レン・ワイズマンを知ったのは2003年の監督デビュー作『アンダーワールド』であり、『ブレイド』や『マトリックス』をさらに洗練させたかのような同作のビジュアルには圧倒的な引きがあって予告の時点でかなり見たいと思ったのですが、本編の内容は予告の数十秒で見た映像が2時間近く続くだけで面白くも何ともなく、激しく落胆させられました。

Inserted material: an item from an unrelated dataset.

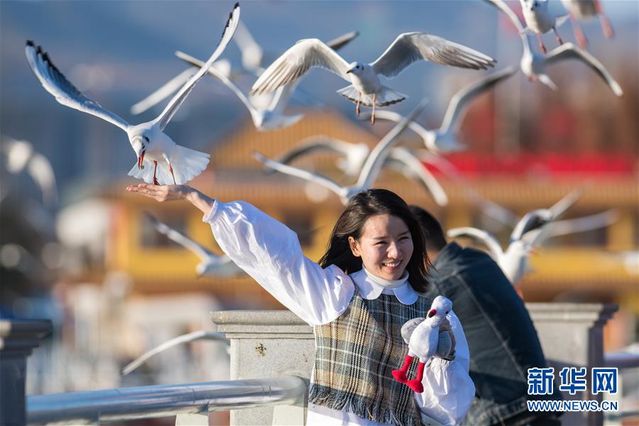 12月18日,一名女孩在昆明海埂大坝投喂红嘴鸥。 近日,“春城”昆明阳光明媚,气候宜人,市民游客纷纷来到海埂大坝、翠湖公园等地,与前来越冬的红嘴鸥近距离接触,人鸥同乐。红嘴鸥是云南昆明的“荣誉市民”,每年秋冬季都会来到昆明越冬。 新华社记者 胡超 摄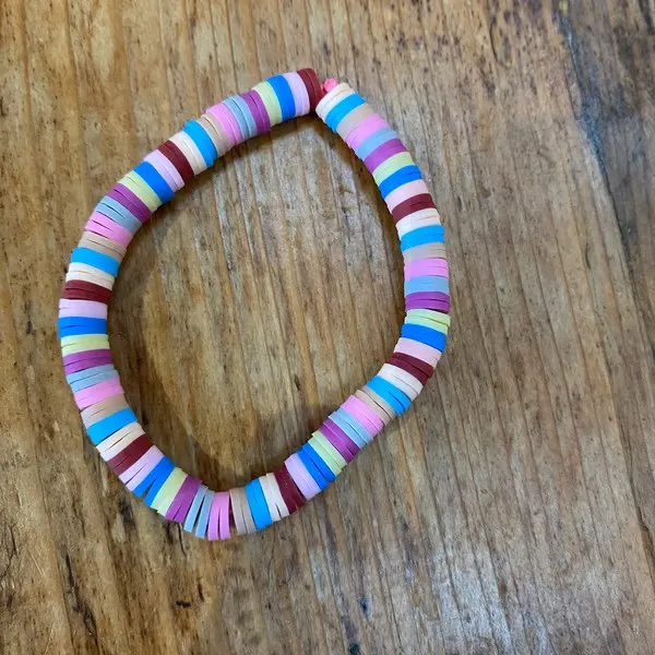 This is a handmade bracelet with multicoloured beads threaded on elastic.

『インデペンデンス・デイ』『メン・イン・ブラック』『GODZILLA』に美術部門担当として加わり、その後CMやPV界で名を馳せるようになったという経歴が示す通り、この人は一瞬で心を掴むビジュアルの構築にはかなりの実力を持っています。

ただし2時間という長編の物語を紡ぐということ、物語の流れの中でアクションを見せるということは不得意としているために、映画本編はたいてい面白くありません。現在はダイ・ハード6の制作準備に入っているようなのですが、嫌な予感しかしません。

ご都合主義の嵐

主人公は何を目指しているのか、なぜ今戦闘が始まったのかという基本情報の整理すらできていないままにドンパチが始まるので、そこに観客の感情は乗っかりません。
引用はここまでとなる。